Cortisol, 11beta-hydroxysteroid dehydrogenases, and hypertension

Abstract

Hypersecretion of cortisol is associated with hypertension. In addition, an abnormal cortisol metabolism may play a role in the pathogenesis of hypertension. The 11beta-hydroxysteroid dehydrogenase (11beta-HSD) isozymes catalyze interconversion of cortisol and cortisone and play an important role in the regulation of the effects of cortisol. Activity of 11beta-HSD type 2, converting active cortisol in inactive cortisone, is crucial in preventing access of cortisol to the renal mineralocorticoid receptors (MRs).
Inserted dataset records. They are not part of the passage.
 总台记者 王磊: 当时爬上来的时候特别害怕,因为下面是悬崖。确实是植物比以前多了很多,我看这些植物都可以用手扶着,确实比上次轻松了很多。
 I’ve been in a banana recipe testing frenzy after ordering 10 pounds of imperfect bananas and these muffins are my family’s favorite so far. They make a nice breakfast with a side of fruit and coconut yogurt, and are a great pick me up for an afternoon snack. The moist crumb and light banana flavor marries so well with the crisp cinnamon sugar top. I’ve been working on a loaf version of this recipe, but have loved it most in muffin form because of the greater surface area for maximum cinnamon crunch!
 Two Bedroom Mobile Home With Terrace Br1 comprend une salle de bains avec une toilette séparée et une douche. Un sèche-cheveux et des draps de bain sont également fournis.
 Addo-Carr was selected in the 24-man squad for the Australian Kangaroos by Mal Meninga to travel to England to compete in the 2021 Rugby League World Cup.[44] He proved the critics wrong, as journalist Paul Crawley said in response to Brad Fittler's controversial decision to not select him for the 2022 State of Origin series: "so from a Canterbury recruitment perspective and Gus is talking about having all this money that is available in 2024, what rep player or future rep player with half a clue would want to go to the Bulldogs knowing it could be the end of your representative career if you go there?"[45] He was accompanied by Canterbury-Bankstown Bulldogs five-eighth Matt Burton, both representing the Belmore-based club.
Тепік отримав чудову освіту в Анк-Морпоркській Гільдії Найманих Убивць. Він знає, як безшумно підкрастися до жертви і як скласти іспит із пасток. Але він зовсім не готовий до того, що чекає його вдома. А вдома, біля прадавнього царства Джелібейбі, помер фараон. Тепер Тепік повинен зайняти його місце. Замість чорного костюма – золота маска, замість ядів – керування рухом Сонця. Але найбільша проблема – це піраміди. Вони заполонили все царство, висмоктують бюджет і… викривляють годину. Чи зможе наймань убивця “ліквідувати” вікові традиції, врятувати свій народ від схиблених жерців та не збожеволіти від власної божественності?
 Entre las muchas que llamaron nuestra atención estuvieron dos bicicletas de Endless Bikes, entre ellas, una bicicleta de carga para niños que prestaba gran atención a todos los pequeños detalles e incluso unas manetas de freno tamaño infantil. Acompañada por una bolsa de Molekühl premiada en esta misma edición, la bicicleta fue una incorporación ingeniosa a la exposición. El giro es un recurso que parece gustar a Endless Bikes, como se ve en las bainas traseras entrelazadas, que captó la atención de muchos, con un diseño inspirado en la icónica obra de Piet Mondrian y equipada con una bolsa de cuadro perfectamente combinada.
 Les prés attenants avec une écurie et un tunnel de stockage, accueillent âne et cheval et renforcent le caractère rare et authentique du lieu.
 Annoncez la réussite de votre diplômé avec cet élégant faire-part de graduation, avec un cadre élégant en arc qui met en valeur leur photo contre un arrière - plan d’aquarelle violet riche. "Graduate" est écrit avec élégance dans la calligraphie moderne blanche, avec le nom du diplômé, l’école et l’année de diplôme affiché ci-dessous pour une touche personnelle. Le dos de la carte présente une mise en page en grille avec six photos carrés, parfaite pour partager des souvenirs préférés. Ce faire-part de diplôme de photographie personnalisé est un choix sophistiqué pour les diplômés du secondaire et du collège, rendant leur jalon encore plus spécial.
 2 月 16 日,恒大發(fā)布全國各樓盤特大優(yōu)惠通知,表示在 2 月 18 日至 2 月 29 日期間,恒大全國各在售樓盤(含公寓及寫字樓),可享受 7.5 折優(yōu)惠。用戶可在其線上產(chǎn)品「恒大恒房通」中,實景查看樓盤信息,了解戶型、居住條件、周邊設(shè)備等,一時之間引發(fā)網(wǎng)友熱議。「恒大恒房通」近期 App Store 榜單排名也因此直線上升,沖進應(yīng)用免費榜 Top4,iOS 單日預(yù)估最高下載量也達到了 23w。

Decreased activity of this isozyme in the kidney, either congenitally in Apparent Mineralocorticoid Excess syndrome or acquired following licorice consumption, allows cortisol access to the MRs, resulting in hypokalemic hypertension. In normotensive subjects, an association has been demonstrated between blood pressure increase on a high-salt diet and a mild decrease of renal 11beta-HSD2 activity. In ectopic adrenocorticotropic hormone (ACTH), plasma cortisol levels are very high, resulting in mineralocorticoid hypertension caused by saturation of the available renal 11beta-HSD2 capacity. Activity of the 11beta-HSDs has also been demonstrated in many extrarenal sites. Several studies have demonstrated extrarenal effects of cortisol on blood pressure, as well as a possible role for altered extrarenal 11beta-HSD activities in the pathogenesis of hypertension. More studies are needed to clarify the role of 11beta-HSDs in the pathogenesis of hypertension.